Jack Cuthbert
- Birth name: Jack M Cuthbert
- Date of birth: 3 September 1987 (age 37)
- Place of birth: Bristol, England
- Height: 1.96 m (6 ft 5 in)
- Weight: 105 kg (16 st 7 lb)
- School: Queen Elizabeth's Hospital
- University: University of Bath

Rugby union career
- Position(s): Fullback/Wing/Centre
- Current team: Scotland

Amateur team(s)
- Years: Team / Apps / (Points)
- 1999–2005: Weston Hornets Weston-super-Mare R.F.C /  / ()

Senior career
- Years: Team / Apps / (Points)
- 2006–2013: Bath Rugby / 96 / (51)
- 2013–2016: Edinburgh Rugby / 46 / (46)
- 2016–: Jersey Reds /  / ()

International career
- Years: Team / Apps / (Points)
- 2006–2007: Scotland U19 / 7 / (33)
- 2010: Scotland A / 5 / (0)
- 2011: Scotland / 1 / (0)

= Jack Cuthbert =

Scotland international rugby union player

Jack Cuthbert (born 3 September 1987 in Bristol, England) is a Scottish rugby union player for Jersey Reds in the RFU Championship.
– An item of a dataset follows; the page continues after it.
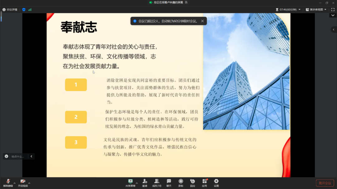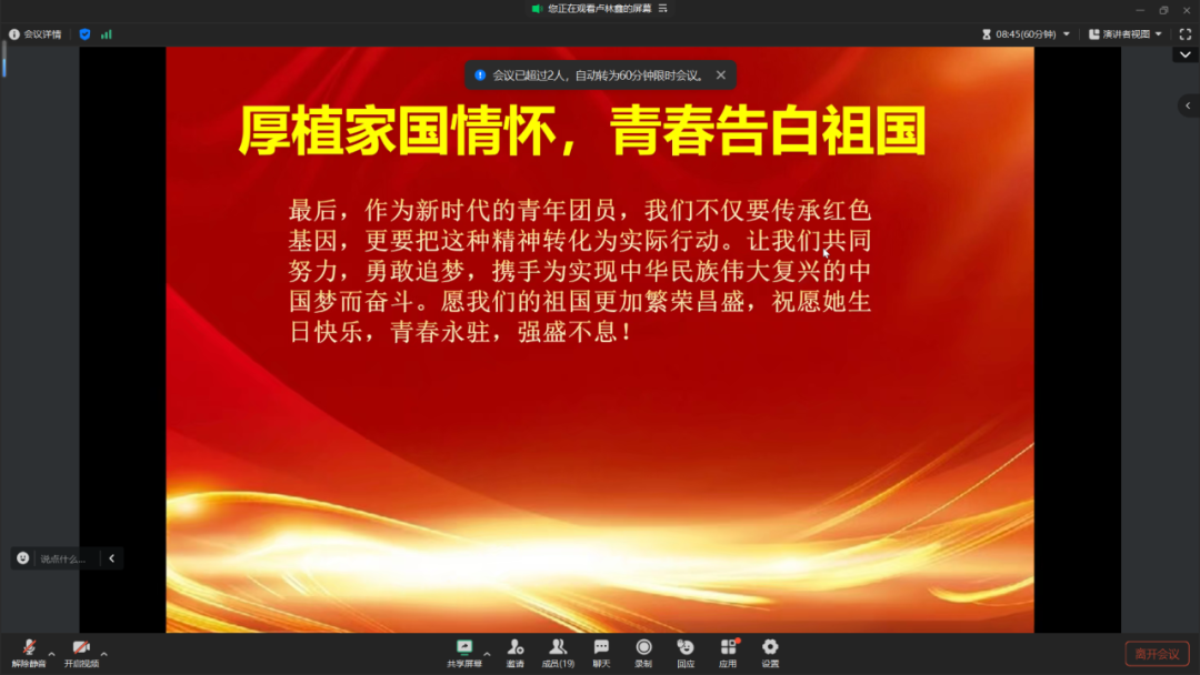 通过本次主题团日活动,同学们不仅深刻认识到了自己肩负的历史使命和社会责任,更激发了他们的爱国热情和奋斗精神。他们纷纷表示,要努力学习专业知识,提升综合素质,为祖国的繁荣富强贡献自己的力量。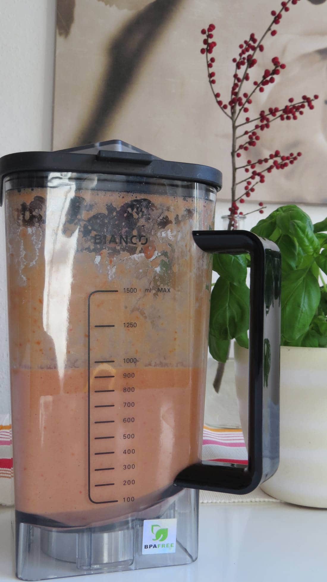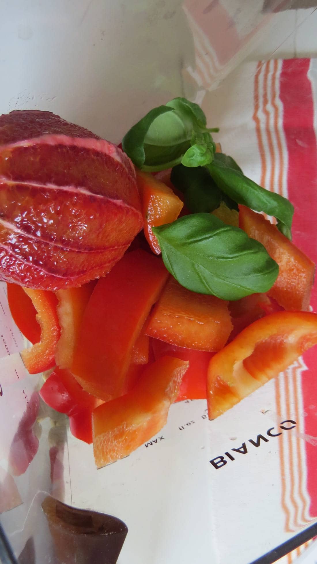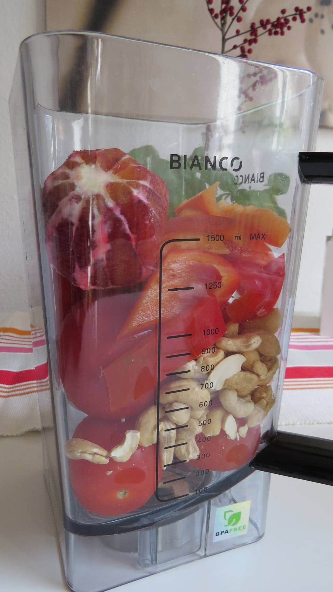 500 g Tomaten, 1 rote Paprika, 1 kleine Orange, 60 g Cashewkerne, 2-4 Basilikumblätter, Salz und Pfeffer. Alle Zutaten in den Mixer geben und circa eine Minute auf höchster Stufe mixen.

He plays as a winger/fullback or outside centre, although most of his senior appearances have come in the number 15 jersey. He has also acted as a goal kicker on occasions.

Cuthbert joined Edinburgh from Bath in the summer of 2013.

Cuthbert made his international debut for Scotland on 6 August 2011 against Ireland at Murrayfield, coming off the bench for an injured Nikki Walker, and was also called into the squad during the 2014 Six Nations Championship.

On 4 April 2016, Cuthbert moved to the Jersey Reds in the RFU Championship to play there from the 2016–17 season.

In late 2020, Cuthbert topped a poll for the best Scottish winger of the decade by a remarkable 50% margin.